Lymphocytes and monocytes/macrophages are capable of activating each other through direct and indirect mechanisms. T lymphocytes can be activated by cytokines such as IFN-γ, IL-2, TNF-α, IL-6, IL-15, and IL-18 [82]. NK lymphocytes are activated and proliferate when exposed to chemokines MIP-1β, macrophage chemotactic protein (MCP)-1, and chemokine C-C motif ligand (CCL) 5 [81]. Activated T lymphocytes induce production of the pro-inflammatory cytokines IL-1, TNF-α, and IL-6, and the chemokines IL-8, MCP-1, and MIP-1β from monocytes/macrophages in a contact-dependent manner [83, 84]. Depending on the cytokine/chemokine stimulus, macrophages can be activated to produce a myriad of cytokines [85].

Cytokines that we have detected at sites of biomaterial implantation are also capable of suppressing lymphocyte and macrophage behaviors. IL-10 is an anti-inflammatory cytokine capable of inducing CD4+ T cell antigen-specific anergy [86]. Chronic TNF-α exposure can lead to T cell hypo-responsiveness by down-regulation of the T cell receptor/CD3 [87]. TNF-α also induces apoptosis [88]. We have demonstrated induction of macrophage apoptosis on biomaterial surfaces through TNF-α-mediated mechanisms and inhibition of these mechanisms by the lymphokine IL-4 [89, 90]. This indicates further influences of lymphocytes in the complex cell–cell interactions on biomaterials and presents an additional avenue for investigation of the mechanisms by which lymphocytes influence critical behaviors of macrophages and FBGCs.

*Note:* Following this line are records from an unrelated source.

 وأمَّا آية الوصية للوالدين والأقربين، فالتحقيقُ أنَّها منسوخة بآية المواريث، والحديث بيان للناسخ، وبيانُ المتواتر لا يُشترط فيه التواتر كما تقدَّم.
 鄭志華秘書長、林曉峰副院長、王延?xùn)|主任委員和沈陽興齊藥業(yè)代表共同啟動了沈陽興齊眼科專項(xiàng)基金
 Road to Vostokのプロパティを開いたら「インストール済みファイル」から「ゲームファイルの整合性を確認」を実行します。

NK and NKT lymphocytes are key mediators of innate host response mechanisms through cytokine production and regulation of autoimmune and inflammatory diseases [9194]. NK cells are activated by direct receptor/ligand interactions but also indirectly by cytokines, for example, to produce IFN-γ [93, 95]. As mentioned above, there is evidence that NK lymphocyte functions are affected by exposure to dialysis membranes [7072]. However, their responses to implanted biomaterial surfaces have not been characterized and remain unknown. Importantly, these cell types are potential sources of IL-4 and/or IL-13 [92, 9698], which may promote the foreign body reaction by inducing macrophage fusion to form FBGCs [39, 40].

Our current data suggest that T lymphocyte-deficient mice exhibit a normal foreign body reaction to implanted material (see below) [99]. Therefore, whether NK or NKT lymphocytes are sources of IL-4/IL-13 relevant to FBGC formation remains an intriguing question. In addition, IL-13 produced by NKT lymphocytes has been implicated in the progression of fibrosis [100, 101]. Therefore, the potential participation of this lymphocyte subset in the fibrous encapsulation of implanted materials, perhaps via IL-13 stimulation of macrophages to produce transforming growth factor (TGF)-β [102], is another critical issue.

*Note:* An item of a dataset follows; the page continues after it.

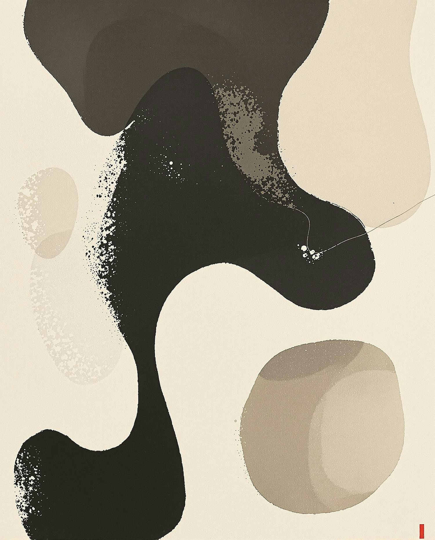 Abstract artwork with organic shapes in neutral tones and a bold red accent on a light beige background.

Our investigations to date have revealed further evidence that, in addition to the macrophage, it is important to consider the influences of lymphocytes on biocompatible outcome. We have discovered lymphocyte effects on macrophage adhesion and fusion as well as on biomaterial-dependent cytokine production. Interestingly, the secondary response of lymphocytes to biomaterials has been found to be distinct from the primary response in vivo. The significant findings from our investigations on lymphocyte/macrophage interactions are summarized in Table 2 and further discussed below.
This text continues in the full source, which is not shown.